# Description of the task
Whenever the string "набор" turns up in a line below, that line should be copied.

Supplied material Start Marker

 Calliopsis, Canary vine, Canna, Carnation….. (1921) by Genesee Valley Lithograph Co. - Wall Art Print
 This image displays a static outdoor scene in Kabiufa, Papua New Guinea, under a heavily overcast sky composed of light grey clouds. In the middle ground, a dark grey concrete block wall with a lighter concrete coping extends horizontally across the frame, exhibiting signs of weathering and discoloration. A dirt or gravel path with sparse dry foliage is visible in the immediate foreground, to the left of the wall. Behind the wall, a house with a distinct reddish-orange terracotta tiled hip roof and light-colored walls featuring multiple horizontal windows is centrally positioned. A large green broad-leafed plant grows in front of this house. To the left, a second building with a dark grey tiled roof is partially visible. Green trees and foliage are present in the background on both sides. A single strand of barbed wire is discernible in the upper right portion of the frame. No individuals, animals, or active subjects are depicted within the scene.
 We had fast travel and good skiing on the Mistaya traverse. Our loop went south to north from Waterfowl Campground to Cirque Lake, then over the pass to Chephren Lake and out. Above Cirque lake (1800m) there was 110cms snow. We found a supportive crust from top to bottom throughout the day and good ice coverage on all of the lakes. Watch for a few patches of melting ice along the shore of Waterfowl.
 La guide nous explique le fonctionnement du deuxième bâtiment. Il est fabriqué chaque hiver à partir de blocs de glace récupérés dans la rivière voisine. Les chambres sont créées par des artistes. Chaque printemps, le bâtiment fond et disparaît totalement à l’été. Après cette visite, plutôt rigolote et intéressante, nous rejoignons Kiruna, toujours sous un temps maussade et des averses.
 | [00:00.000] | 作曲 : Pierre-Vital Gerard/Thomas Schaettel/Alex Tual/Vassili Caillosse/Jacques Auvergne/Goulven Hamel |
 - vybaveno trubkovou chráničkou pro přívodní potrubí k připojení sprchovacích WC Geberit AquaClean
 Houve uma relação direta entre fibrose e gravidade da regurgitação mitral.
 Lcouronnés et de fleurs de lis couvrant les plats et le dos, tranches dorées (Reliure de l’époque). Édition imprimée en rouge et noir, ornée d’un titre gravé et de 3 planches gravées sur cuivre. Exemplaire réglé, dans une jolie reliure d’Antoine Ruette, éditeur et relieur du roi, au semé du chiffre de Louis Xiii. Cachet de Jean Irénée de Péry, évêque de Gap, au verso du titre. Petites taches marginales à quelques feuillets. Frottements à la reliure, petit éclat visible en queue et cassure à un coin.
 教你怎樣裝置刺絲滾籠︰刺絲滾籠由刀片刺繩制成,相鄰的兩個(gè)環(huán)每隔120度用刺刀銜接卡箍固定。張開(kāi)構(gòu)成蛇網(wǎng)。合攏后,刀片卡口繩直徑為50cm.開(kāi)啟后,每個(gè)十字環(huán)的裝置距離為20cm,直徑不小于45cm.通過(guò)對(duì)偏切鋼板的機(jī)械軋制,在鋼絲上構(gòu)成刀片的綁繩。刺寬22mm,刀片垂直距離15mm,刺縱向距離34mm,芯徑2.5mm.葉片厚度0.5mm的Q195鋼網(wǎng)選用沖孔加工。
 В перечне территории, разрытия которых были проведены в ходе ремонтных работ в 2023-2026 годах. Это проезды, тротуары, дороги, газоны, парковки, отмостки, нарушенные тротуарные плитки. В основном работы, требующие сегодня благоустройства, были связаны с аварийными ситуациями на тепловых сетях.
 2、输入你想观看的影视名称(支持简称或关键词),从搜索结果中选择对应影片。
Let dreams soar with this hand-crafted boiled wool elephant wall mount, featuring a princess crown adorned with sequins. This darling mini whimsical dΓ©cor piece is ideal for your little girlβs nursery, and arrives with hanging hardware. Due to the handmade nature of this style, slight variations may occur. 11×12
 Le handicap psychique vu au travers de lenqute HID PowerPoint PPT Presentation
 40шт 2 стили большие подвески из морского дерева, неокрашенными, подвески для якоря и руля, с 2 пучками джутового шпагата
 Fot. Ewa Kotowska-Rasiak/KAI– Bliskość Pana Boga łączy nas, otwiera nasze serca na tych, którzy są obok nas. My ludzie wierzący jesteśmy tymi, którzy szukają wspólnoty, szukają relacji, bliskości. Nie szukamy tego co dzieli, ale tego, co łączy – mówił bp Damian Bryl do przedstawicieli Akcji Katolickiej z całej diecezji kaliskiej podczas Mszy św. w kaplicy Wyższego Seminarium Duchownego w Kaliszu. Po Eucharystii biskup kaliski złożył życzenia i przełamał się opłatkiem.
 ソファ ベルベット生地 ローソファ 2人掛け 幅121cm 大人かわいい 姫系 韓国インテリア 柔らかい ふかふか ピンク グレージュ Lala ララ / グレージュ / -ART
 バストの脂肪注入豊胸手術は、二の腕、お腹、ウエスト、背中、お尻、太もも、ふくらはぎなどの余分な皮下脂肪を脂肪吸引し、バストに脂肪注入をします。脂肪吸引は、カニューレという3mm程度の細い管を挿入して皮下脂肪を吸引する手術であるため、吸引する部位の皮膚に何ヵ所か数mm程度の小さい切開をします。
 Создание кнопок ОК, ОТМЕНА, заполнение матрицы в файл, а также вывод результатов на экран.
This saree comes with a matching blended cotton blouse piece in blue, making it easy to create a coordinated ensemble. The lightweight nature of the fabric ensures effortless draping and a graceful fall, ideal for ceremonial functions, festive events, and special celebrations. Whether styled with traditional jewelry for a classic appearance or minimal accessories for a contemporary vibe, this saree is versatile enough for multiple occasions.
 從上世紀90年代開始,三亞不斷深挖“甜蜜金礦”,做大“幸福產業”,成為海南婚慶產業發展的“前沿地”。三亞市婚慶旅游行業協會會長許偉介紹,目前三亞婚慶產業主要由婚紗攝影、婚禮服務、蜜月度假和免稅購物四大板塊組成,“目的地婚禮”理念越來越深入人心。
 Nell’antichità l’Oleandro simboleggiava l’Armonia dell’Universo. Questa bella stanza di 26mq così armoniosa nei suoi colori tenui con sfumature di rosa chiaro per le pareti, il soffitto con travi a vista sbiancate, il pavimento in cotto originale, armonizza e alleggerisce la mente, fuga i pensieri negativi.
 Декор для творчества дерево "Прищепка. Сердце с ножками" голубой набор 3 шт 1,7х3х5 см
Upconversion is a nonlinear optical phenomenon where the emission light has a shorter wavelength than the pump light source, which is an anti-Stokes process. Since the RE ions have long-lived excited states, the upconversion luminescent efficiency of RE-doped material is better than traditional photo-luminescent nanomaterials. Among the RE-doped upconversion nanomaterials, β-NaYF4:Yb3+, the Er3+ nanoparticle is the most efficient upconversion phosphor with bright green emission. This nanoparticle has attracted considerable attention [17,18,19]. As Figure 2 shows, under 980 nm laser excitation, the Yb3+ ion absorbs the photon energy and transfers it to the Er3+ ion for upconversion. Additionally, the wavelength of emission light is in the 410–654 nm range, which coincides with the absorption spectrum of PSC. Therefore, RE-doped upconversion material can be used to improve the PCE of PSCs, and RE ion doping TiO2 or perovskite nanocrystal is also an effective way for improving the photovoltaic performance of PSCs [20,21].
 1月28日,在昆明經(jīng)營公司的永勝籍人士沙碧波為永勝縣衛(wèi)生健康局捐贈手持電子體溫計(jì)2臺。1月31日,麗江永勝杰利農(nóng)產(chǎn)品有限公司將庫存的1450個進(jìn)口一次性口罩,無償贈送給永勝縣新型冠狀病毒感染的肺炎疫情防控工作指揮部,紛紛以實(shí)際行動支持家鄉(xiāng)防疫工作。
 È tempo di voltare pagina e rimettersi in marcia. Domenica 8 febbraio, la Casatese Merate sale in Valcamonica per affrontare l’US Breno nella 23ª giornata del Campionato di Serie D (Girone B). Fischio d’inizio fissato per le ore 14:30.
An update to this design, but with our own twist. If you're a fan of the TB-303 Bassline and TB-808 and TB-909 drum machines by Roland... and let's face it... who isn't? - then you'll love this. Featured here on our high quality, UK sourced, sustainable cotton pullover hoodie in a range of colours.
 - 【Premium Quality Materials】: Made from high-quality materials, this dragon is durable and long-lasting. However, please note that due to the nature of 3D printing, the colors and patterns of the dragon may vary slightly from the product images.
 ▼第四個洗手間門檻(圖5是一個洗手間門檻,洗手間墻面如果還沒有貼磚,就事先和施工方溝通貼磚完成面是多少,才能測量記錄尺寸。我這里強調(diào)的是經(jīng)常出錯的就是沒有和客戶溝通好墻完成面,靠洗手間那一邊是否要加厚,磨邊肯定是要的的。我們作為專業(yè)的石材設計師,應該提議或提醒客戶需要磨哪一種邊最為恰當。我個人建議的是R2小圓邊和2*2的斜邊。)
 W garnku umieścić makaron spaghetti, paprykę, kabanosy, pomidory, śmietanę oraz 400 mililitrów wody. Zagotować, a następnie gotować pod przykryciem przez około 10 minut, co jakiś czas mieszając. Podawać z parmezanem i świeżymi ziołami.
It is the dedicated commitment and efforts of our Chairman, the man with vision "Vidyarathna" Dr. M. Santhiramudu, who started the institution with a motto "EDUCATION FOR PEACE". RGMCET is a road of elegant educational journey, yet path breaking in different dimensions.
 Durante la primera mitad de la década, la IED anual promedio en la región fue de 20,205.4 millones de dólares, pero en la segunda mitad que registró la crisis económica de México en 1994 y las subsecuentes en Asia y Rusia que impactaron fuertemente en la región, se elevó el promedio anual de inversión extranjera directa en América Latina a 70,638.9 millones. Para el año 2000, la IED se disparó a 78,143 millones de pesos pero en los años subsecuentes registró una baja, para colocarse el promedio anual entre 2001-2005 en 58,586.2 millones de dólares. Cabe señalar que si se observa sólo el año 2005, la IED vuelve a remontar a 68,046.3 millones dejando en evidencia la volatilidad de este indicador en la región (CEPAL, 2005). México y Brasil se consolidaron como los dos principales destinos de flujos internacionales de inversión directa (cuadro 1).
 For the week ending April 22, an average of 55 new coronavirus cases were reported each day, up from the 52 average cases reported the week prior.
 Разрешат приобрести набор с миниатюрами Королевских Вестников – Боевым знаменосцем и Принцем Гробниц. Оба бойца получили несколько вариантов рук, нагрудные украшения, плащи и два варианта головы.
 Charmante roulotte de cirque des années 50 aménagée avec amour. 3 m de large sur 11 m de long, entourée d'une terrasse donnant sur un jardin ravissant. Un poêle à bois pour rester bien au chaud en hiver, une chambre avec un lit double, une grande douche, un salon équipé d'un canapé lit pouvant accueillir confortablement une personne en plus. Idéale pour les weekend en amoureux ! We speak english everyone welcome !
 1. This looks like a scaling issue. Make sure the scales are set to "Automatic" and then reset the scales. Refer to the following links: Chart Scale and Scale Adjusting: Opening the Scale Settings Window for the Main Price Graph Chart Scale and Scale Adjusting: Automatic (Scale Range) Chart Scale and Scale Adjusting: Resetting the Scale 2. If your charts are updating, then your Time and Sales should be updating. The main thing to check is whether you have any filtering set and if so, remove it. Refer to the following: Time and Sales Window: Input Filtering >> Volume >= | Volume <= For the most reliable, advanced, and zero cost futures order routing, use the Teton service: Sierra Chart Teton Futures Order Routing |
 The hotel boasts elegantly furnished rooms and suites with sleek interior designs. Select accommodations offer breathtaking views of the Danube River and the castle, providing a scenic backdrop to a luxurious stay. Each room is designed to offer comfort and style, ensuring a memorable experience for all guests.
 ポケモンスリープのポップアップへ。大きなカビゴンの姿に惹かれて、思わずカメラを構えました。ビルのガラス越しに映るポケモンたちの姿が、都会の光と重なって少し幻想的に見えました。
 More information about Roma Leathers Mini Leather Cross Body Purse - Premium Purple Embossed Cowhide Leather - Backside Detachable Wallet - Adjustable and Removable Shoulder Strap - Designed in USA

Supplied material End Marker

# Problem solution
 Декор для творчества дерево "Прищепка. Сердце с ножками" голубой набор 3 шт 1,7х3х5 см
 Разрешат приобрести набор с миниатюрами Королевских Вестников – Боевым знаменосцем и Принцем Гробниц. Оба бойца получили несколько вариантов рук, нагрудные украшения, плащи и два варианта головы.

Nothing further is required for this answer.